The act of ordering the list of people I feel the need to thank for being in a position to submit this research is more baffling than all of the conceptual meandering I have had the great privilege of partaking in these last four years. Thus, I follow convention.

Professor Paul Syms is the only man still standing of my original supervision team. Having awarded me a Centre for Urban Policy Studies fees scholarship, helped me to secure the Forest Research award I received in my first year, and been relentless in his advocacy of my abilities, I owe my place at Manchester to him.
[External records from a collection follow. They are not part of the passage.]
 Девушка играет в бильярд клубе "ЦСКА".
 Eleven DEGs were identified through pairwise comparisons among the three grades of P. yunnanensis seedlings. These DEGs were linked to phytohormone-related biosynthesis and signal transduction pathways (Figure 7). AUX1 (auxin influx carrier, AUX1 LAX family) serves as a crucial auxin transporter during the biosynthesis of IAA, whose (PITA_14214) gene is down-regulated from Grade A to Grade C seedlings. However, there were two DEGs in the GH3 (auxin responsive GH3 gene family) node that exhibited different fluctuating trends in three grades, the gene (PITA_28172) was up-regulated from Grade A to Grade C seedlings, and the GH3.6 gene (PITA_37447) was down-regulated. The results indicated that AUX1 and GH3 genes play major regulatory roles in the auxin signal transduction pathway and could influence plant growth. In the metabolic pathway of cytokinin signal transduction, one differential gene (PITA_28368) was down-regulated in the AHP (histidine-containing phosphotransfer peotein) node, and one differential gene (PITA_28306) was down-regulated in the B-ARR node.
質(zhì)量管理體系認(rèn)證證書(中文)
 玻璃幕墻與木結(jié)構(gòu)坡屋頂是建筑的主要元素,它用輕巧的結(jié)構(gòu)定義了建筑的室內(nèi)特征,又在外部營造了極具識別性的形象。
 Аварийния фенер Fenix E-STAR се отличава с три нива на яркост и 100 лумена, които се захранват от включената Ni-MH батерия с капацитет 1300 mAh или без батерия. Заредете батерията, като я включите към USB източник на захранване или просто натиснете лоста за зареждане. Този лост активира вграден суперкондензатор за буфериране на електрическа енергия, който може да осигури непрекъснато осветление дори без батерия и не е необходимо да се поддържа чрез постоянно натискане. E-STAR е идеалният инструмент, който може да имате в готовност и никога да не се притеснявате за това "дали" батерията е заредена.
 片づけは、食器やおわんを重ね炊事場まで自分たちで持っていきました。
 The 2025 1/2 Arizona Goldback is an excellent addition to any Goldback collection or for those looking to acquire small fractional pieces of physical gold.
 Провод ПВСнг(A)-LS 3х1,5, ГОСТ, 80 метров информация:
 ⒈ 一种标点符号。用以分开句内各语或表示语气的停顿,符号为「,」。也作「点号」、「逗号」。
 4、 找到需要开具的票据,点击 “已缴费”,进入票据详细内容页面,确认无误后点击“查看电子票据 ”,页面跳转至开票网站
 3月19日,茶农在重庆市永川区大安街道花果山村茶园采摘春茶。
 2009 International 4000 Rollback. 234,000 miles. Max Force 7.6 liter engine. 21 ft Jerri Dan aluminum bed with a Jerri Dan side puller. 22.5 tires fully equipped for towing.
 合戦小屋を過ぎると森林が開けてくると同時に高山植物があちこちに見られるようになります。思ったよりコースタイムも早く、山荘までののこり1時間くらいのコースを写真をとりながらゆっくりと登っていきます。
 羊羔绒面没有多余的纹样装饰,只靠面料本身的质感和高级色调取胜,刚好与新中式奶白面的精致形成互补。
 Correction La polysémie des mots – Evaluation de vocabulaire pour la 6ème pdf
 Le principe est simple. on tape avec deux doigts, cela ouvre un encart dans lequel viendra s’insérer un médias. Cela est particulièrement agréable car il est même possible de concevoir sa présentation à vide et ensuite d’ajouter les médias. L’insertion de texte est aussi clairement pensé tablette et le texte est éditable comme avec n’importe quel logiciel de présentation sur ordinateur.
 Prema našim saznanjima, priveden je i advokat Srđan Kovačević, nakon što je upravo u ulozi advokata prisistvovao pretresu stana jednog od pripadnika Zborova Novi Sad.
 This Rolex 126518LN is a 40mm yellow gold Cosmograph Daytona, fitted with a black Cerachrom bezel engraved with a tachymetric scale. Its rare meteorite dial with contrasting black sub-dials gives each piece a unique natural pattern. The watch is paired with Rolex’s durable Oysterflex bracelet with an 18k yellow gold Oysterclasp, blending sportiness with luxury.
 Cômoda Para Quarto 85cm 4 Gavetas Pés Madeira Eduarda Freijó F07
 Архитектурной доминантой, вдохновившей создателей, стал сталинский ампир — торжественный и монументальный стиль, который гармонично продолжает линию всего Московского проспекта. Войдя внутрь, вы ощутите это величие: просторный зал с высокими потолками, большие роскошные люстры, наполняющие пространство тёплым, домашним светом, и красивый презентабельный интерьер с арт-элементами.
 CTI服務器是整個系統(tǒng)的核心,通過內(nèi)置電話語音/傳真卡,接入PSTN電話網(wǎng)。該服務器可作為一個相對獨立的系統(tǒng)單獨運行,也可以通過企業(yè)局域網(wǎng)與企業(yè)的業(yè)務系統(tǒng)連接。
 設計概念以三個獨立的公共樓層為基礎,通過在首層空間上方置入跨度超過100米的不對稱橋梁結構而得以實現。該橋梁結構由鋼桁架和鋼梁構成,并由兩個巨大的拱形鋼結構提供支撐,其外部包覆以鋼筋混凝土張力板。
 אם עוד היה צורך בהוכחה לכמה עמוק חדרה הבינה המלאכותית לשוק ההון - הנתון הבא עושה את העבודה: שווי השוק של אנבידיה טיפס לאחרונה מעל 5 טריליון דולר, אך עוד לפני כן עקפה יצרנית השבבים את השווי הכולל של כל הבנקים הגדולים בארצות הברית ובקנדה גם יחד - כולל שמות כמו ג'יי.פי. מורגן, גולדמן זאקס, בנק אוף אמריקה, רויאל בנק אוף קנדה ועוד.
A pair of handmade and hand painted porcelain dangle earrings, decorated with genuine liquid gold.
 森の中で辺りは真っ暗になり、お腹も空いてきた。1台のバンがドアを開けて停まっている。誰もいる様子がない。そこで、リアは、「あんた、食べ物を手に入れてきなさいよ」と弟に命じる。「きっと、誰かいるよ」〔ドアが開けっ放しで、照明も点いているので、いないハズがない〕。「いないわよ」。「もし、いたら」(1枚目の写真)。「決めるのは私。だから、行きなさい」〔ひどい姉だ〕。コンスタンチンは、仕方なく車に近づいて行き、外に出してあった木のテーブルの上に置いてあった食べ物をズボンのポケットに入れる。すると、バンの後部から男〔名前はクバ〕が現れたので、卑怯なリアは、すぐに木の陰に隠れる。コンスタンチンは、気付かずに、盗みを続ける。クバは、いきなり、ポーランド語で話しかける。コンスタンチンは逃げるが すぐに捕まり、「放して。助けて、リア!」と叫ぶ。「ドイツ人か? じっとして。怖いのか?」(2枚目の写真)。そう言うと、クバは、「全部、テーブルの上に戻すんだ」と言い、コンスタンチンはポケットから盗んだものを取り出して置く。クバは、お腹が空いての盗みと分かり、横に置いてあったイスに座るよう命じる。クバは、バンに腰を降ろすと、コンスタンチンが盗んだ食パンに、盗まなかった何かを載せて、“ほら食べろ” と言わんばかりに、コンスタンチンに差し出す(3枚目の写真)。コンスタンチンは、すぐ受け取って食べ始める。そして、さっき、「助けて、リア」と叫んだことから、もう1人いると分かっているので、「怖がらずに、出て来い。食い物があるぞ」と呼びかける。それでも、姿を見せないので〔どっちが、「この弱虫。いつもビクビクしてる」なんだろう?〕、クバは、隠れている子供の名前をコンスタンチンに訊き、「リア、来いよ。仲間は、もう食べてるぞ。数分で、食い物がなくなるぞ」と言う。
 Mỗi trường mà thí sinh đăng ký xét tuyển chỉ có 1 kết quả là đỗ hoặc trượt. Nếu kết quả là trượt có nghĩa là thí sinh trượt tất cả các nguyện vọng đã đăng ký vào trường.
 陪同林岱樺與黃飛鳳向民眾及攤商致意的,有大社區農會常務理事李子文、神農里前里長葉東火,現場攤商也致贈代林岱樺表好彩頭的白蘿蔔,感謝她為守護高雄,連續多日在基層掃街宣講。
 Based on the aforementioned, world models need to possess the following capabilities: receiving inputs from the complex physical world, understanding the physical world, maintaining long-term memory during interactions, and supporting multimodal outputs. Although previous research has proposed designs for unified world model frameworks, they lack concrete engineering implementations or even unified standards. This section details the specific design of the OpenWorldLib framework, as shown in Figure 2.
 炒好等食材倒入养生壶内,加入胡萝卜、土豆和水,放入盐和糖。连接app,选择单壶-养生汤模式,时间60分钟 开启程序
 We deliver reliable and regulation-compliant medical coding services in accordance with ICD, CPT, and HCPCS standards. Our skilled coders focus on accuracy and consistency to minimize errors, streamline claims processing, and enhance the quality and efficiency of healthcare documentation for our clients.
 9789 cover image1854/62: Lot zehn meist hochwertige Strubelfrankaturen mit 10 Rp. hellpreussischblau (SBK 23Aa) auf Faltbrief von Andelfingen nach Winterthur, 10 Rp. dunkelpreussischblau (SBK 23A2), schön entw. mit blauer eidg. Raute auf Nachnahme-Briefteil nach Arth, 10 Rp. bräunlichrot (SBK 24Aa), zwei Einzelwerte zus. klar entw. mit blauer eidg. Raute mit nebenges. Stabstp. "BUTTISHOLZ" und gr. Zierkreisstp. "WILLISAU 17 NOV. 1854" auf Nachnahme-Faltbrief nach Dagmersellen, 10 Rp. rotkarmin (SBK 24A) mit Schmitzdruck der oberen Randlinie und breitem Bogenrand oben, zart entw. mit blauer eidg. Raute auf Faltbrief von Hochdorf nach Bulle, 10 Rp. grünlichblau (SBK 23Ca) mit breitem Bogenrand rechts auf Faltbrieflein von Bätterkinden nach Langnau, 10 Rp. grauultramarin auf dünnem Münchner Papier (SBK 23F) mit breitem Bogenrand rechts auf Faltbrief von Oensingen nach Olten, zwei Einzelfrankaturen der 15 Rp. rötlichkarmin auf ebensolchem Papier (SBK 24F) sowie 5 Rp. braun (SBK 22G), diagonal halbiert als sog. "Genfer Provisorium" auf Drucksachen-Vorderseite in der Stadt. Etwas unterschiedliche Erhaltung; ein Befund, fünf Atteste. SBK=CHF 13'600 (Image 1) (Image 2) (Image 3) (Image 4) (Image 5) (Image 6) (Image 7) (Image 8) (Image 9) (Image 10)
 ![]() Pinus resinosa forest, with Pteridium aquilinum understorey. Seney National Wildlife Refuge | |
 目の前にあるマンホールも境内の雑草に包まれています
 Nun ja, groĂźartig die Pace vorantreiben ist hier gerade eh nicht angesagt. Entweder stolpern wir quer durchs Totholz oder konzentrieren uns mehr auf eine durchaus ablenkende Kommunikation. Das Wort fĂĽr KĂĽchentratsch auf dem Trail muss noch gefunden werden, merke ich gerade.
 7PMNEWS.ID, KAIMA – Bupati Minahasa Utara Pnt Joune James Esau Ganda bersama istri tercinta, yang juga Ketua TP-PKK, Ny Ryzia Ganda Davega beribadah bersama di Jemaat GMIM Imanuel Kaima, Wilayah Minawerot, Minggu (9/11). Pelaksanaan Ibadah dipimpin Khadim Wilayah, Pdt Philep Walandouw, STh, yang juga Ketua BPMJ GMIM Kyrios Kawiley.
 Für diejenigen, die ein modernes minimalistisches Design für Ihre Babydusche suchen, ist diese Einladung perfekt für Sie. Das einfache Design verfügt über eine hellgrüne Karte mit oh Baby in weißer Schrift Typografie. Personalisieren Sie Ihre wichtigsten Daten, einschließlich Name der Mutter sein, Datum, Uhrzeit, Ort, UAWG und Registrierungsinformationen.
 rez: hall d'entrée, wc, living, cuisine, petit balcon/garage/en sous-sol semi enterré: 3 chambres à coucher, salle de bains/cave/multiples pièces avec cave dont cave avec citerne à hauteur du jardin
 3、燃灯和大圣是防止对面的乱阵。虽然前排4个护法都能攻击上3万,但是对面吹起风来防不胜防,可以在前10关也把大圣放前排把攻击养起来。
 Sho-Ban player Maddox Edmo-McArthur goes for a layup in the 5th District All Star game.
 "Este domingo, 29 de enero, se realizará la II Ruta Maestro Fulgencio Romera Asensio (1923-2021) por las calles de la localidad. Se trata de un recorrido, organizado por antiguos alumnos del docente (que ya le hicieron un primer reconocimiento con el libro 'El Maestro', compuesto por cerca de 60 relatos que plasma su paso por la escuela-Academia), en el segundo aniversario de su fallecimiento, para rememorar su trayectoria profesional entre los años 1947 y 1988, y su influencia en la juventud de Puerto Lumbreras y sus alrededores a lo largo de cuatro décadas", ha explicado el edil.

Dr Iain White sadly left for brighter horizons before the final year of the project, never rewarded by the sight of my recently improved writing skills for the dedicated feedback he provided on the epistemological meltdowns and journeys of personal political discovery I submitted as ‘research reports’ in years one to three. I am immensely grateful for his tolerance of my bombastic and at times unmanageable enthusiasm.

Professor Graham Haughton and Dr Adam Barker bravely took over the ropes when Iain left. I thank Adam for helping me to refine my conceptualisation of environmental politics, a task which he has been involved in from the outset as a panel chair. I thank Graham especially for drawing my attention to theory which would help ground my state analysis, and also for his refreshingly abrasive approach to constructive criticism.

There are many friends at Manchester who have been sounding boards for ideas, but more importantly companions in personal restoration through eating, dancing, drinking, all of the above, or just laughing over tea about the absurdity of life. Most significantly, Jessica Roccard you have kept me sane.

This brings me to my parents, for supporting me financially whenever needed, and providing a source of sanity to retreat to. Matt Thompson not only shares with Paul Syms responsibility for the correct use of every apostrophe, colon and semicolon in this work, but also opened my eyes to a range of exciting new philosophical ideas which I hope to have the chance to return to later in my academic life.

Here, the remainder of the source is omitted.